## Task statement
Exact reproduction required: print each line of the material below.

··· Data listing

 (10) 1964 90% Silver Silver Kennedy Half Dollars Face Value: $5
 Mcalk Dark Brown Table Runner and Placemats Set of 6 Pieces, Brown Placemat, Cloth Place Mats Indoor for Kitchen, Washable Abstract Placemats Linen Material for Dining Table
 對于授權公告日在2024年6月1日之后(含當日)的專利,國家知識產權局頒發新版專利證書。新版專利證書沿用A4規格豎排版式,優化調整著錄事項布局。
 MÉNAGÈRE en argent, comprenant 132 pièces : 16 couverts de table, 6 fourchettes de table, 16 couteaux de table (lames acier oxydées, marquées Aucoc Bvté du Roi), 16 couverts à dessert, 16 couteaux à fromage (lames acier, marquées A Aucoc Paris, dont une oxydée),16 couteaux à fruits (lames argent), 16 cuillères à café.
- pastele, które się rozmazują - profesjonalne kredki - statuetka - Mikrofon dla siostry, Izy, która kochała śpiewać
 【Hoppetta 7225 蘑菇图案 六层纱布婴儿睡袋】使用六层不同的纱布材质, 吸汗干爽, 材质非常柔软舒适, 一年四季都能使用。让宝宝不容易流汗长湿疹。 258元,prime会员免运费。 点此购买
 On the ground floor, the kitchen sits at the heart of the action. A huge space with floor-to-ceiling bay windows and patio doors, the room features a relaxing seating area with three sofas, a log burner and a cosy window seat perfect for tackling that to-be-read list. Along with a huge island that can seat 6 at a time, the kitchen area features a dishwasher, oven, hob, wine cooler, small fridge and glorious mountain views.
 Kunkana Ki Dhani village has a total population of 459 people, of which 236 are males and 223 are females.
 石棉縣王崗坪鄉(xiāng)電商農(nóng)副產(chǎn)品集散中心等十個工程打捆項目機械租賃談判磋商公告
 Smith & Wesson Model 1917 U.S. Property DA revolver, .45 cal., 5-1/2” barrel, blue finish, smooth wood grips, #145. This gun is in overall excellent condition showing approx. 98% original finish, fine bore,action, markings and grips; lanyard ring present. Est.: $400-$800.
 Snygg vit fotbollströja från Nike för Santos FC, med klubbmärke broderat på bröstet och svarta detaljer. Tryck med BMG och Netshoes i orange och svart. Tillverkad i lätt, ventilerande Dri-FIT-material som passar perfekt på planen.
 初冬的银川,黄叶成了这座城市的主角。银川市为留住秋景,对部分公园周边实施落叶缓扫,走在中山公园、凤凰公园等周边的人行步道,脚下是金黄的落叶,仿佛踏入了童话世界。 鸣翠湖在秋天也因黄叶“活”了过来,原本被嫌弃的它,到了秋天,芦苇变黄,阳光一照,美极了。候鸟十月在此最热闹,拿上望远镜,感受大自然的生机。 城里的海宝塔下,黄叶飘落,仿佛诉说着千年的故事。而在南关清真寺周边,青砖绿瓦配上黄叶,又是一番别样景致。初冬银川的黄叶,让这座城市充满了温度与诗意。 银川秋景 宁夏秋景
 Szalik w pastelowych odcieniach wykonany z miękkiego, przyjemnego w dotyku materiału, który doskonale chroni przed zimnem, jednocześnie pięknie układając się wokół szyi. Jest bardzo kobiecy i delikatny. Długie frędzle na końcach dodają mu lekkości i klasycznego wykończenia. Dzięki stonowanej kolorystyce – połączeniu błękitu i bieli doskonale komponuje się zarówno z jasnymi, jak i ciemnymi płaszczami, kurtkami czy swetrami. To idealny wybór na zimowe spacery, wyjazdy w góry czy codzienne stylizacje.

······

## Answer section
 (10) 1964 90% Silver Silver Kennedy Half Dollars Face Value: $5
 Mcalk Dark Brown Table Runner and Placemats Set of 6 Pieces, Brown Placemat, Cloth Place Mats Indoor for Kitchen, Washable Abstract Placemats Linen Material for Dining Table
 對于授權公告日在2024年6月1日之后(含當日)的專利,國家知識產權局頒發新版專利證書。新版專利證書沿用A4規格豎排版式,優化調整著錄事項布局。
 MÉNAGÈRE en argent, comprenant 132 pièces : 16 couverts de table, 6 fourchettes de table, 16 couteaux de table (lames acier oxydées, marquées Aucoc Bvté du Roi), 16 couverts à dessert, 16 couteaux à fromage (lames acier, marquées A Aucoc Paris, dont une oxydée),16 couteaux à fruits (lames argent), 16 cuillères à café.
- pastele, które się rozmazują - profesjonalne kredki - statuetka - Mikrofon dla siostry, Izy, która kochała śpiewać
 【Hoppetta 7225 蘑菇图案 六层纱布婴儿睡袋】使用六层不同的纱布材质, 吸汗干爽, 材质非常柔软舒适, 一年四季都能使用。让宝宝不容易流汗长湿疹。 258元,prime会员免运费。 点此购买
 On the ground floor, the kitchen sits at the heart of the action. A huge space with floor-to-ceiling bay windows and patio doors, the room features a relaxing seating area with three sofas, a log burner and a cosy window seat perfect for tackling that to-be-read list. Along with a huge island that can seat 6 at a time, the kitchen area features a dishwasher, oven, hob, wine cooler, small fridge and glorious mountain views.
 Kunkana Ki Dhani village has a total population of 459 people, of which 236 are males and 223 are females.
 石棉縣王崗坪鄉(xiāng)電商農(nóng)副產(chǎn)品集散中心等十個工程打捆項目機械租賃談判磋商公告
 Smith & Wesson Model 1917 U.S. Property DA revolver, .45 cal., 5-1/2” barrel, blue finish, smooth wood grips, #145. This gun is in overall excellent condition showing approx. 98% original finish, fine bore,action, markings and grips; lanyard ring present. Est.: $400-$800.
 Snygg vit fotbollströja från Nike för Santos FC, med klubbmärke broderat på bröstet och svarta detaljer. Tryck med BMG och Netshoes i orange och svart. Tillverkad i lätt, ventilerande Dri-FIT-material som passar perfekt på planen.
 初冬的银川,黄叶成了这座城市的主角。银川市为留住秋景,对部分公园周边实施落叶缓扫,走在中山公园、凤凰公园等周边的人行步道,脚下是金黄的落叶,仿佛踏入了童话世界。 鸣翠湖在秋天也因黄叶“活”了过来,原本被嫌弃的它,到了秋天,芦苇变黄,阳光一照,美极了。候鸟十月在此最热闹,拿上望远镜,感受大自然的生机。 城里的海宝塔下,黄叶飘落,仿佛诉说着千年的故事。而在南关清真寺周边,青砖绿瓦配上黄叶,又是一番别样景致。初冬银川的黄叶,让这座城市充满了温度与诗意。 银川秋景 宁夏秋景
 Szalik w pastelowych odcieniach wykonany z miękkiego, przyjemnego w dotyku materiału, który doskonale chroni przed zimnem, jednocześnie pięknie układając się wokół szyi. Jest bardzo kobiecy i delikatny. Długie frędzle na końcach dodają mu lekkości i klasycznego wykończenia. Dzięki stonowanej kolorystyce – połączeniu błękitu i bieli doskonale komponuje się zarówno z jasnymi, jak i ciemnymi płaszczami, kurtkami czy swetrami. To idealny wybór na zimowe spacery, wyjazdy w góry czy codzienne stylizacje.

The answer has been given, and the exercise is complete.